EXERCISE INSTRUCTIONS:
Print the listing below a second time, exactly, and omit its images.

DATA SECTION:
· · · ·
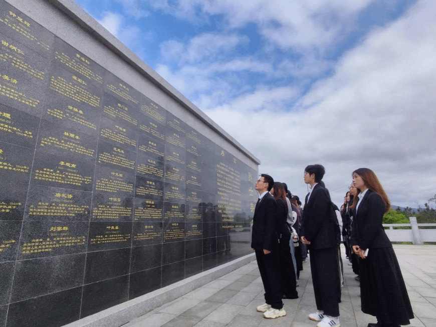 在庄严肃穆的革命烈士纪念碑前,全体师生整齐列队、神情凝重,集体肃立默哀,向为民族解放、国家独立和人民幸福献出宝贵生命的革命先烈,致以最崇高的敬意与最深切的悼念。随后,师生代表缓步上前,向烈士纪念碑敬献鲜花,并绕行瞻仰英烈名录墙,在静默中追思先烈事迹、感悟革命精神,表达对革命先辈的无限敬仰与深切缅怀。在英烈名录墙前,同学们认真聆听革命先烈的英勇事迹,凝视着墙上一个个镌刻的名字,深刻感悟赣南苏区革命先辈们为信仰抛头颅、洒热血的崇高气节。
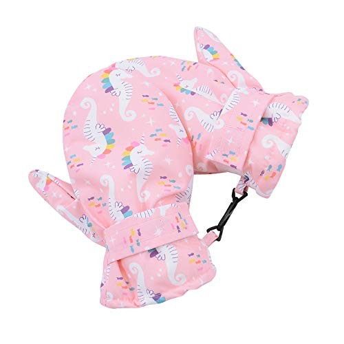 Lined Fleece Toddler Mittens Kids Winter Warm M Fits 2-3 Years Pink Seahorse
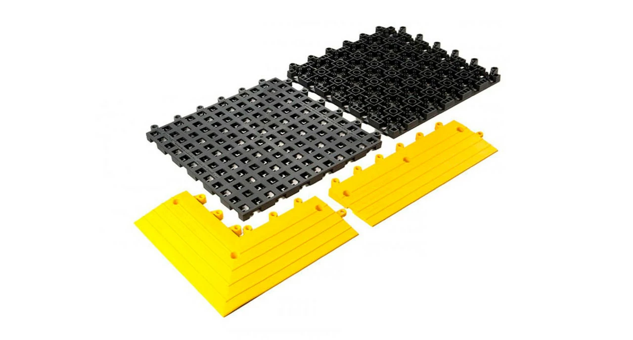 The Wearwell 560 ErgoDeck Open Grid Tiles and Ramps create a comfortable, ergonomic flooring layer for manufacturing or industrial facilities. Large 18″ x 18″ tiles interlock to form a grid of any size or shape that is needed, and can be unlocked and repositioned at any time. Wearwell 560 ErgoDeck Open Grid Tile is not only versatile, but ergonomic. Made from 7/8″ of silicone-free PVC, these tiles offer excellent anti-fatigue support and are a great way to prevent safety hazards. Also available with corners and ramps.
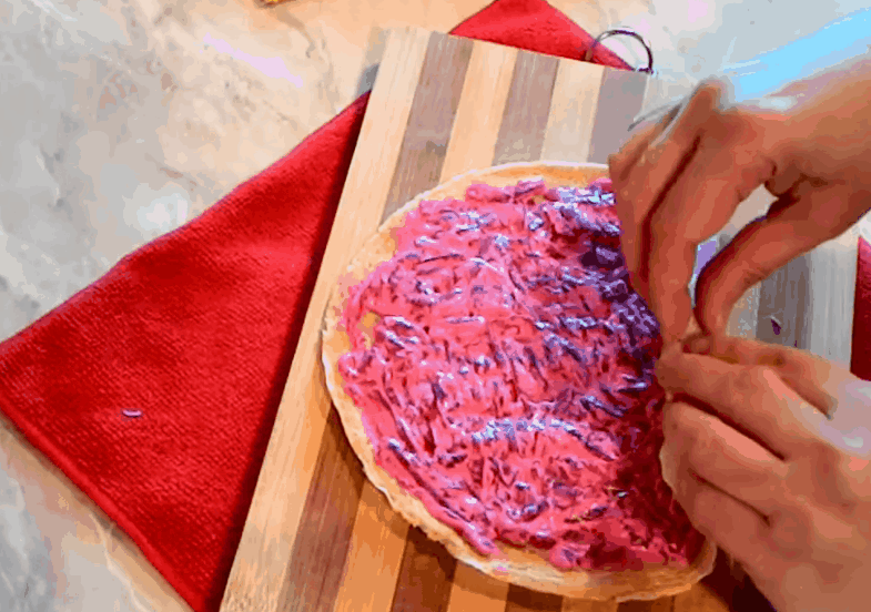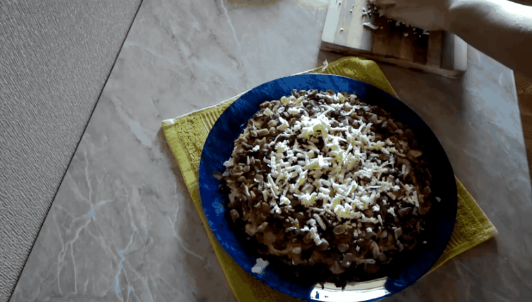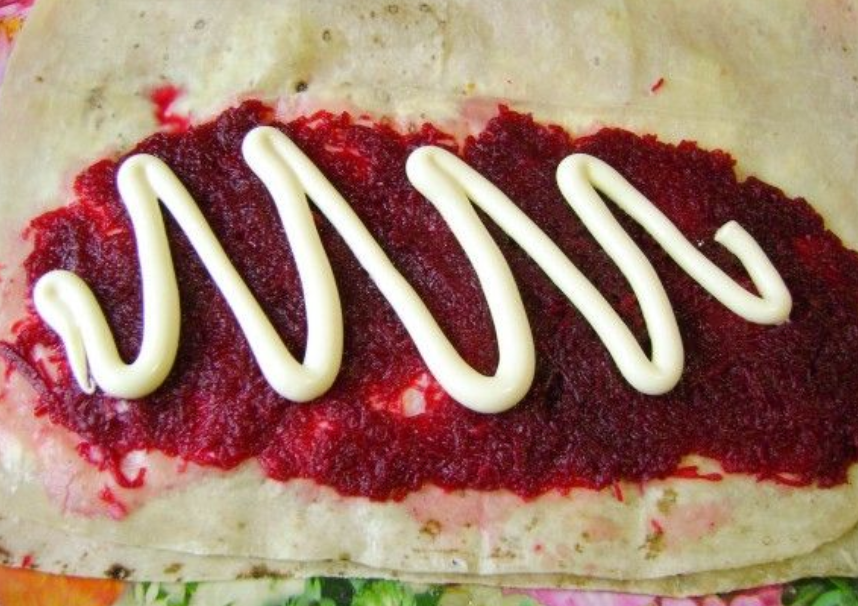 На самый широкий кружок свеклы выложить начинку. Далее, слоями.
· · · ·
EXERCISE ANSWER:
 在庄严肃穆的革命烈士纪念碑前,全体师生整齐列队、神情凝重,集体肃立默哀,向为民族解放、国家独立和人民幸福献出宝贵生命的革命先烈,致以最崇高的敬意与最深切的悼念。随后,师生代表缓步上前,向烈士纪念碑敬献鲜花,并绕行瞻仰英烈名录墙,在静默中追思先烈事迹、感悟革命精神,表达对革命先辈的无限敬仰与深切缅怀。在英烈名录墙前,同学们认真聆听革命先烈的英勇事迹,凝视着墙上一个个镌刻的名字,深刻感悟赣南苏区革命先辈们为信仰抛头颅、洒热血的崇高气节。
 Lined Fleece Toddler Mittens Kids Winter Warm M Fits 2-3 Years Pink Seahorse
 The Wearwell 560 ErgoDeck Open Grid Tiles and Ramps create a comfortable, ergonomic flooring layer for manufacturing or industrial facilities. Large 18″ x 18″ tiles interlock to form a grid of any size or shape that is needed, and can be unlocked and repositioned at any time. Wearwell 560 ErgoDeck Open Grid Tile is not only versatile, but ergonomic. Made from 7/8″ of silicone-free PVC, these tiles offer excellent anti-fatigue support and are a great way to prevent safety hazards. Also available with corners and ramps.
 На самый широкий кружок свеклы выложить начинку. Далее, слоями.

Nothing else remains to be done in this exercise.